### WHAT YOU SHOULD DO:
All of the data below must be reproduced word for word, but without its images.

### INFORMATION:
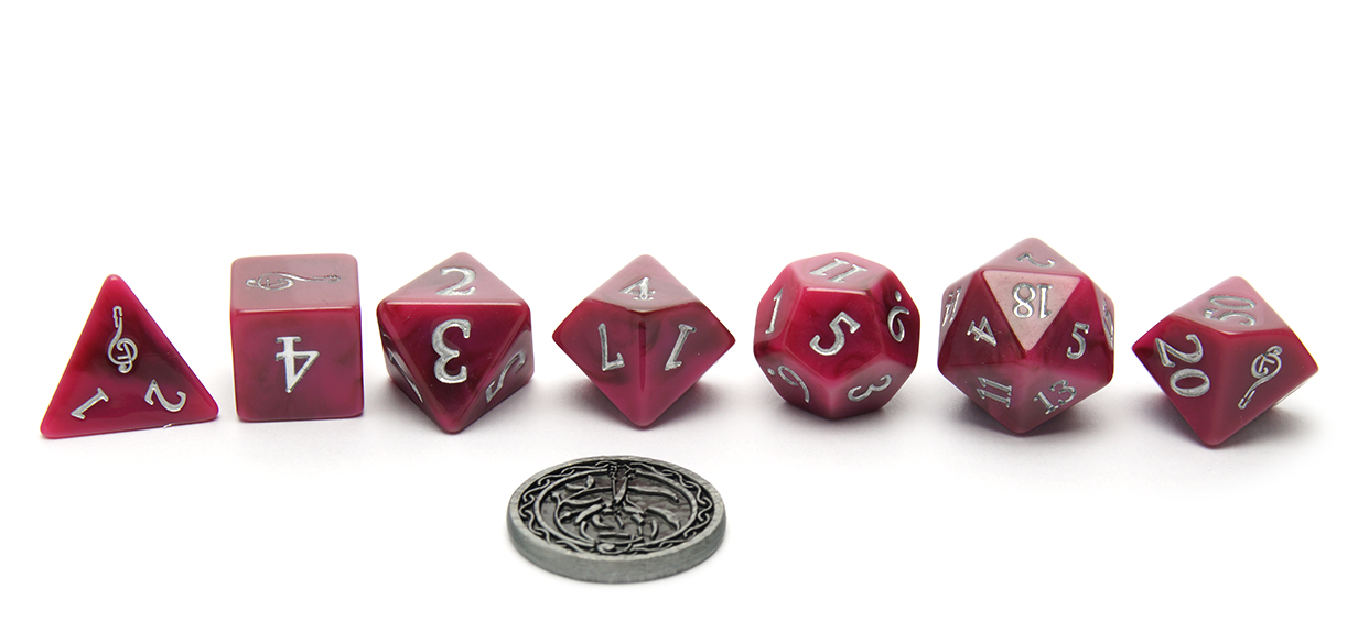 A high quality polyset of lustrous magenta hues and bold silver ink! This set also contains a silver metal coin as payment for your performance.
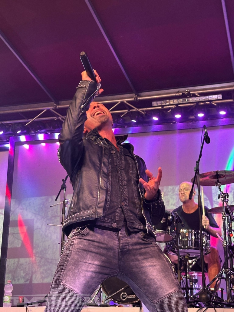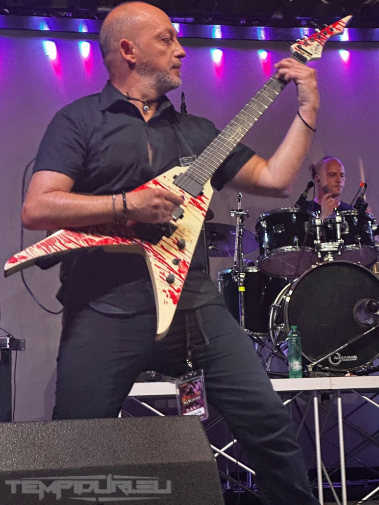 Rock Ramon (Alessandro Sonato) aveva più carisma e presenza, Tiziano è bravo e simpatico, ha una bella voce scherza con il pubblico improvvisando anche una cover dei Twisted Sister “ we’re not gonna take it” , durante un problema audio tecnico nello show, a mio avviso è come aver inserito Blaze Bayley. Tornando allo show la combo degli otto pezzi suonati saccheggia lentamente tutta la loro discografia dagli esordi al brano No One’s Crying del loro primo album che fu cantato in una riedizione da sua maestà Ralph Scheepers dei Primal Fear, a Thundergods per poi passare a cose più recenti.
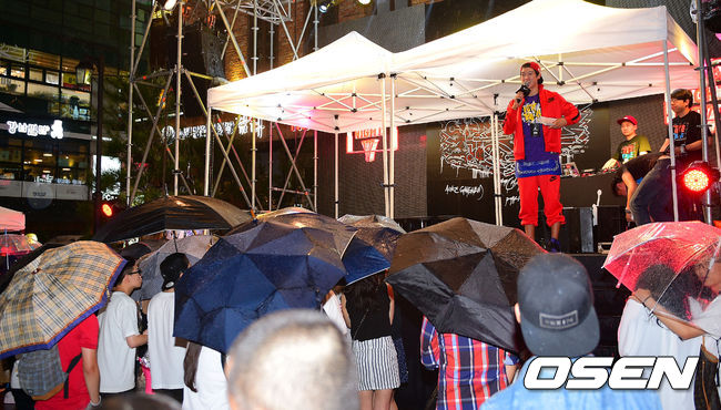 21일 서울 역삼동 나이키 강남 플래그십 스토어에서 진행된 '스니커즈 데이(SNEAKERS’ DAY): 조던 나이트(JORDAN NIGHT)'행사에서 사회를 맡은 방송인 박재민이 폭우 속에서진행을 하고 있다.
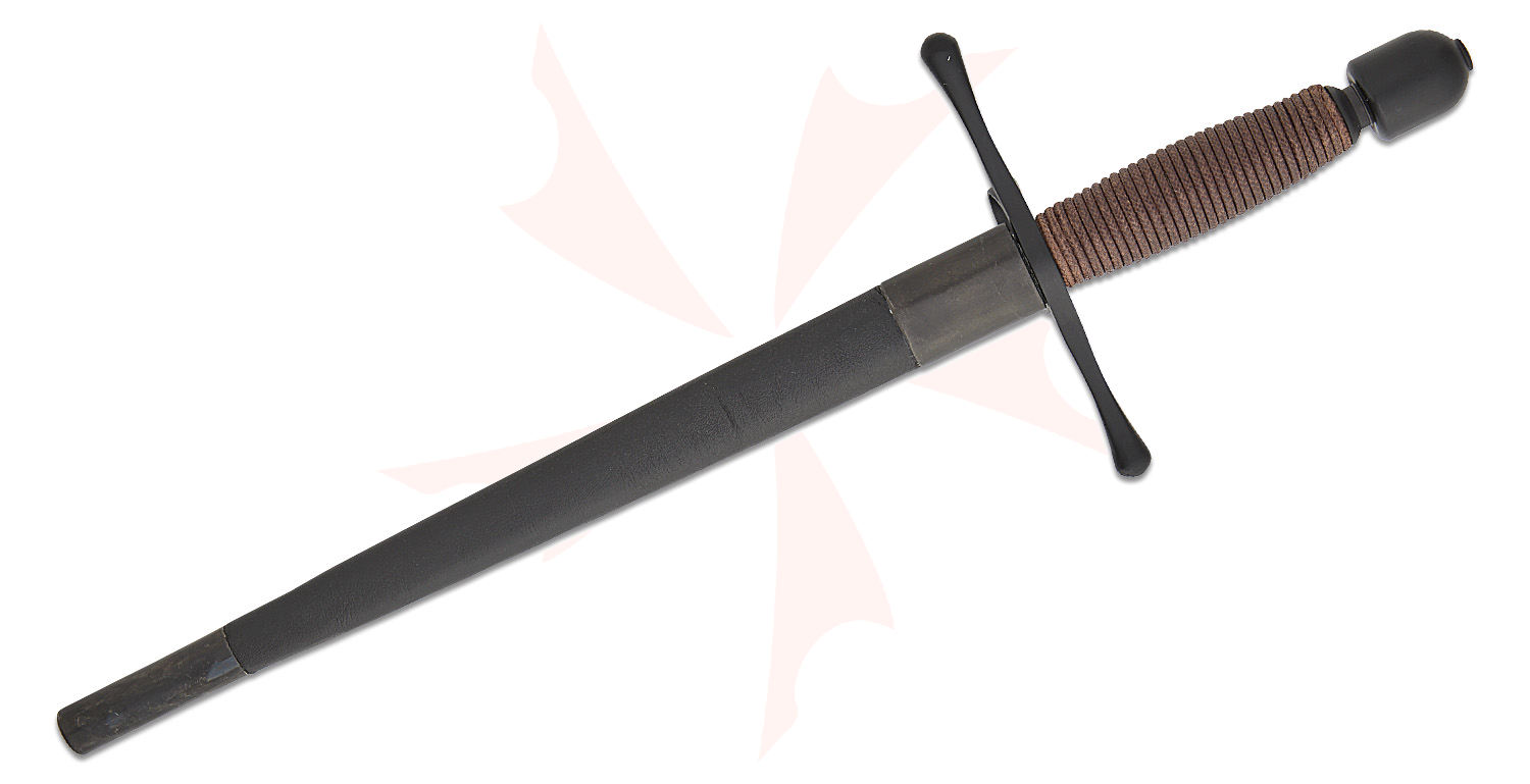 CAS Iberia Kingston Arms SM36241 Main Gauche Dagger 11" 1566 Carbon Steel Blade, Cord Wrapped Handle with Black Guard, Black Leather Wrapped Sheath
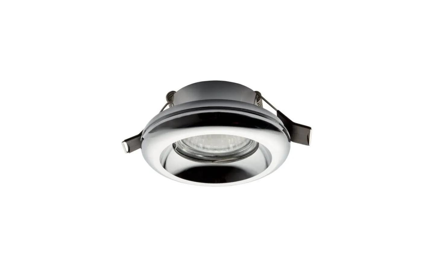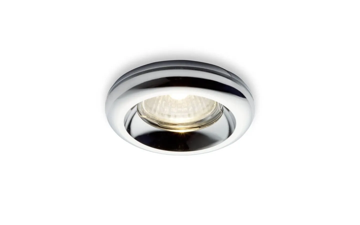 Infälld spot med en böjd ram i krom för en GU10 ljuskälla. Endast för gipsväggar.
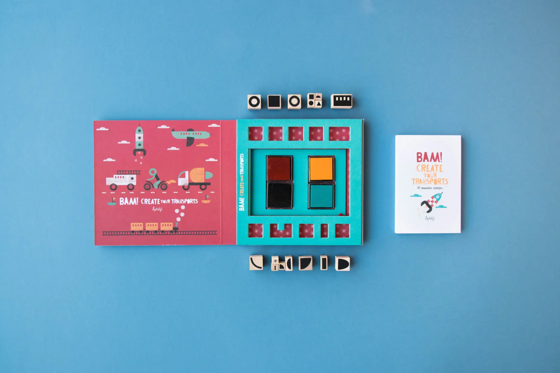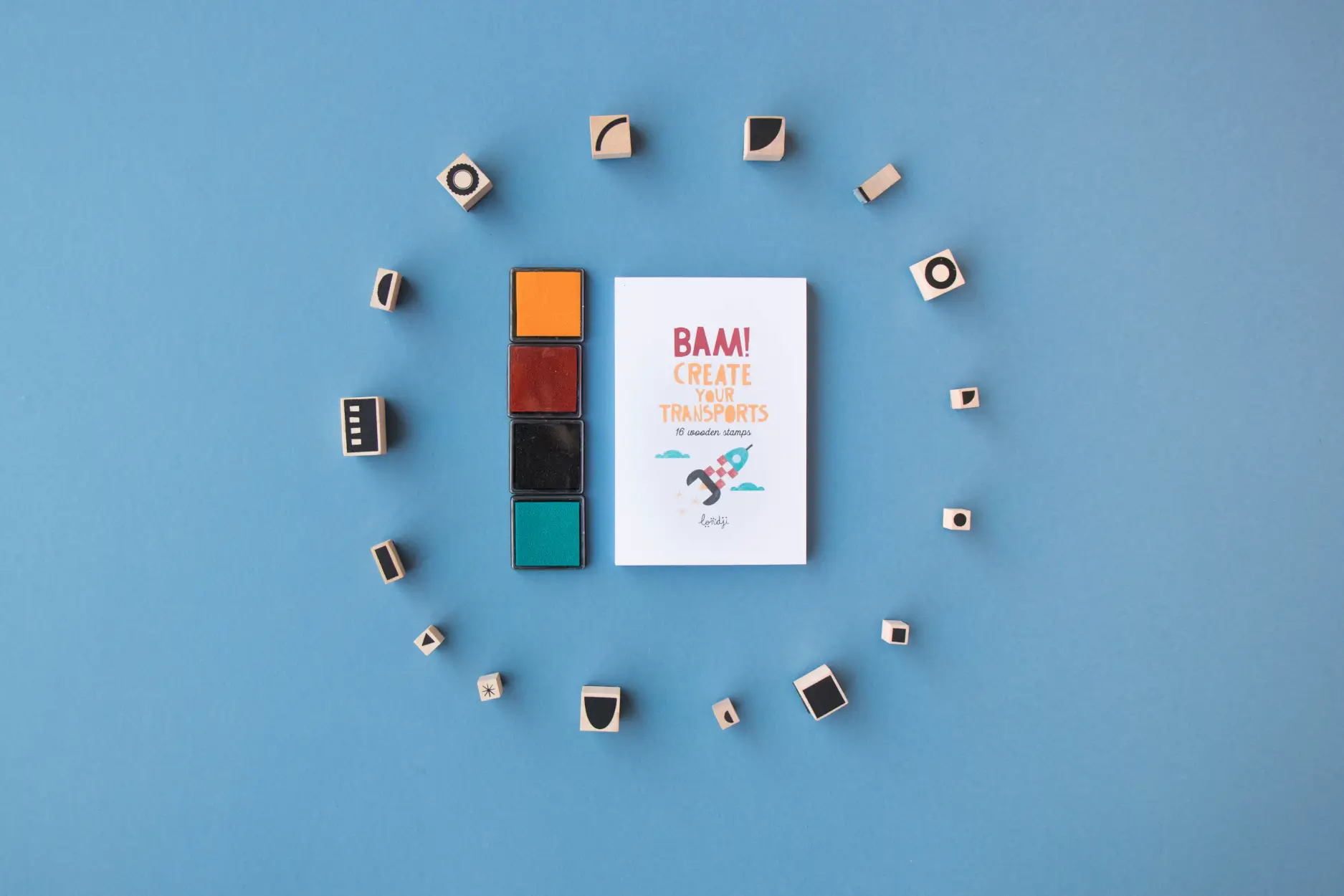 - Ilość sztuk: 16 stempelków, notes, 4 poduszki z kolorowym tuszem
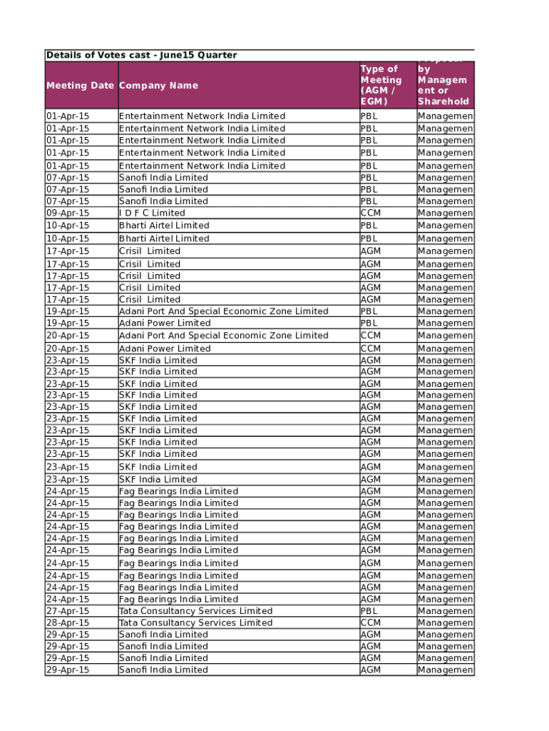 Details of Votes cast June15 Quarter Meeting Date Company Namely of Meeting (AGM / EGG)01Apr15 01Apr15 01Apr15 01Apr15 01Apr15 07Apr15 07Apr15 07Apr15 09Apr15 10Apr15 17Apr15 17Apr15 17Apr15 17Apr15
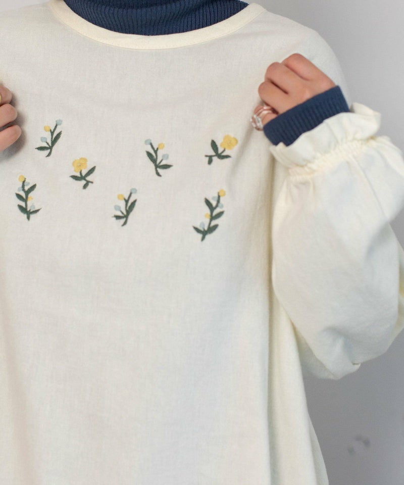 柔らかく暖かみのある綾織りコットンの起毛素材で仕立てたブラウス。フロントのボタニカル刺繍がポイントです。インナーにニットを合わせるスタイルもオススメ。前後差のある着丈でこなれた雰囲気に。袖口はゴムの仕様でまくりやすくしています。後ろあきのボタンはさりげなく配色にしています。
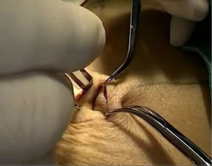 In step 9, the incision is sutured and covered. The linea alba is sutured intermittently with a 2-0 absorbable suture, and the skin is sutured consecutively with 4-0 absorbable sutures (Figure 10). The strips are inserted into the umbilical hole to assist in applying pressure on the incision, and a covering is applied to the incision.
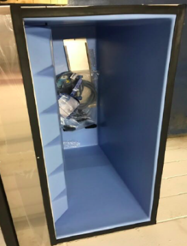 The B-801SA storage bin configures perfectly with Hoshizaki Ice makers to ensure ample quantities of ice at all times. Rear: no issuesRight hand side: no issuesTop & Inside: No issues, ice scoop, pipes and four feet.Front: slight dents on front.Left hand side: dent on side.
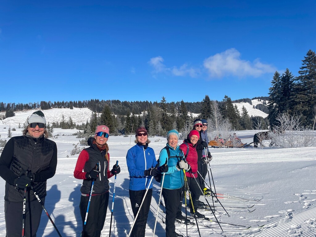 An drei intensiven Kurstagen, verteilt über den Winter, lernten die Teilnehmer weit mehr als nur Wandern auf Skiern. Am ersten Tag auf dem Bödele, bei erschwerten und eisigen Verhältnissen standen Materialkunde und erste Gleitversuche in der Ebene auf dem Programm. Über Weihnachten konnten die Teilnehmer das erlernte üben bevor in der zweiten Einheit, Schulung des Gleichgewichtes, Stockeinsatz, Beinabdruck und effiziente Fortbewegung sowie richtiges Bremsen und das bewältigen kleinerer Anstiege das Übungsziel war. Zum Abschluss ging es über traumhafte Loipen ins Grenzgebiet, bevor in der Moosalpe auf das Erlernte gebührend angestoßen wurde.
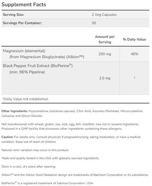 Съставки: Магнезий (от магнезиев бисглицинат Albion™), екстракт от плод на черен пипер (BioPerine®)
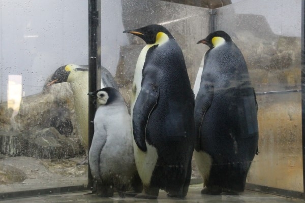 しみじみとファミリールームの外を眺めているエンペラーひな一家。@アドベンチャーワールド
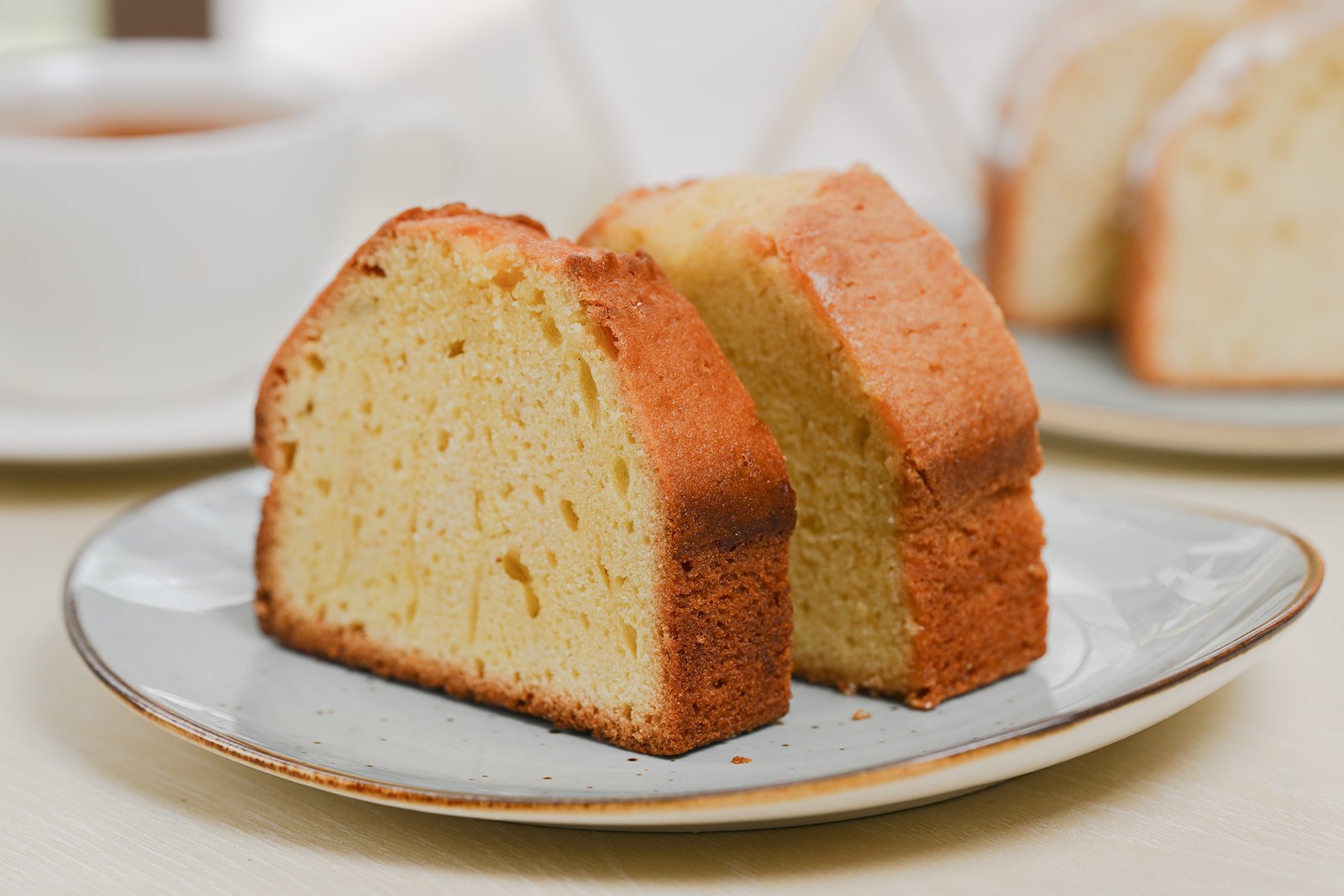 Moist vanilla tea cake made with aromatic Madagascar vanilla beans.
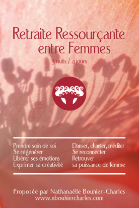 (...) ces 4 jours portent bien leur nom car cela a vraiment été ressourçant pour moi, 4 jours d'écoute, de bienveillance, de gentillesse et d'amour... tout ce dont je manquais, ce que je ne m'accordais pas à moi-même, et ce dont je ne savais même pas que c'était possible avec des femmes que je ne connaissais pas, de tous âges et de tous horizons réunies pour prendre soin d'elles-mêmes et des autres... et en aussi peu de temps... mais c'est la magie de Natha... et ça je n'en doutais pas avant de venir !
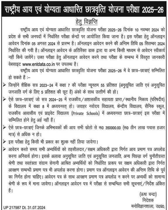 N.M.M.S.E. के लिए आवेदन 05 अगस्त से 05 सितम्बर, 2024 तक। परीक्षा: 10 नवम्बर, 2024 को।
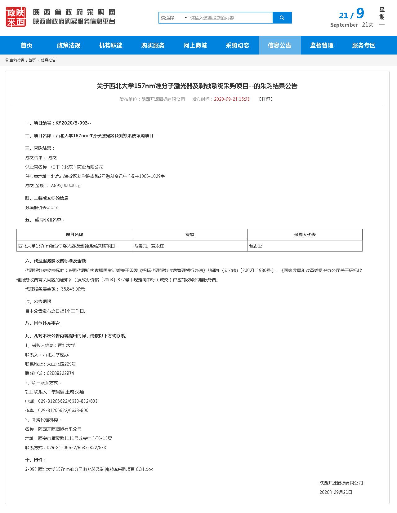 BB平台157nm准分子激光器及剥蚀系统采购项目--的采购结果公告

### EXERCISE SOLUTION:
 A high quality polyset of lustrous magenta hues and bold silver ink! This set also contains a silver metal coin as payment for your performance.
 Rock Ramon (Alessandro Sonato) aveva più carisma e presenza, Tiziano è bravo e simpatico, ha una bella voce scherza con il pubblico improvvisando anche una cover dei Twisted Sister “ we’re not gonna take it” , durante un problema audio tecnico nello show, a mio avviso è come aver inserito Blaze Bayley. Tornando allo show la combo degli otto pezzi suonati saccheggia lentamente tutta la loro discografia dagli esordi al brano No One’s Crying del loro primo album che fu cantato in una riedizione da sua maestà Ralph Scheepers dei Primal Fear, a Thundergods per poi passare a cose più recenti.
 21일 서울 역삼동 나이키 강남 플래그십 스토어에서 진행된 '스니커즈 데이(SNEAKERS’ DAY): 조던 나이트(JORDAN NIGHT)'행사에서 사회를 맡은 방송인 박재민이 폭우 속에서진행을 하고 있다.
 CAS Iberia Kingston Arms SM36241 Main Gauche Dagger 11" 1566 Carbon Steel Blade, Cord Wrapped Handle with Black Guard, Black Leather Wrapped Sheath
 Infälld spot med en böjd ram i krom för en GU10 ljuskälla. Endast för gipsväggar.
 - Ilość sztuk: 16 stempelków, notes, 4 poduszki z kolorowym tuszem
 Details of Votes cast June15 Quarter Meeting Date Company Namely of Meeting (AGM / EGG)01Apr15 01Apr15 01Apr15 01Apr15 01Apr15 07Apr15 07Apr15 07Apr15 09Apr15 10Apr15 17Apr15 17Apr15 17Apr15 17Apr15
 柔らかく暖かみのある綾織りコットンの起毛素材で仕立てたブラウス。フロントのボタニカル刺繍がポイントです。インナーにニットを合わせるスタイルもオススメ。前後差のある着丈でこなれた雰囲気に。袖口はゴムの仕様でまくりやすくしています。後ろあきのボタンはさりげなく配色にしています。
 In step 9, the incision is sutured and covered. The linea alba is sutured intermittently with a 2-0 absorbable suture, and the skin is sutured consecutively with 4-0 absorbable sutures (Figure 10). The strips are inserted into the umbilical hole to assist in applying pressure on the incision, and a covering is applied to the incision.
 The B-801SA storage bin configures perfectly with Hoshizaki Ice makers to ensure ample quantities of ice at all times. Rear: no issuesRight hand side: no issuesTop & Inside: No issues, ice scoop, pipes and four feet.Front: slight dents on front.Left hand side: dent on side.
 An drei intensiven Kurstagen, verteilt über den Winter, lernten die Teilnehmer weit mehr als nur Wandern auf Skiern. Am ersten Tag auf dem Bödele, bei erschwerten und eisigen Verhältnissen standen Materialkunde und erste Gleitversuche in der Ebene auf dem Programm. Über Weihnachten konnten die Teilnehmer das erlernte üben bevor in der zweiten Einheit, Schulung des Gleichgewichtes, Stockeinsatz, Beinabdruck und effiziente Fortbewegung sowie richtiges Bremsen und das bewältigen kleinerer Anstiege das Übungsziel war. Zum Abschluss ging es über traumhafte Loipen ins Grenzgebiet, bevor in der Moosalpe auf das Erlernte gebührend angestoßen wurde.
 Съставки: Магнезий (от магнезиев бисглицинат Albion™), екстракт от плод на черен пипер (BioPerine®)
 しみじみとファミリールームの外を眺めているエンペラーひな一家。@アドベンチャーワールド
 Moist vanilla tea cake made with aromatic Madagascar vanilla beans.
 (...) ces 4 jours portent bien leur nom car cela a vraiment été ressourçant pour moi, 4 jours d'écoute, de bienveillance, de gentillesse et d'amour... tout ce dont je manquais, ce que je ne m'accordais pas à moi-même, et ce dont je ne savais même pas que c'était possible avec des femmes que je ne connaissais pas, de tous âges et de tous horizons réunies pour prendre soin d'elles-mêmes et des autres... et en aussi peu de temps... mais c'est la magie de Natha... et ça je n'en doutais pas avant de venir !
 N.M.M.S.E. के लिए आवेदन 05 अगस्त से 05 सितम्बर, 2024 तक। परीक्षा: 10 नवम्बर, 2024 को।
 BB平台157nm准分子激光器及剥蚀系统采购项目--的采购结果公告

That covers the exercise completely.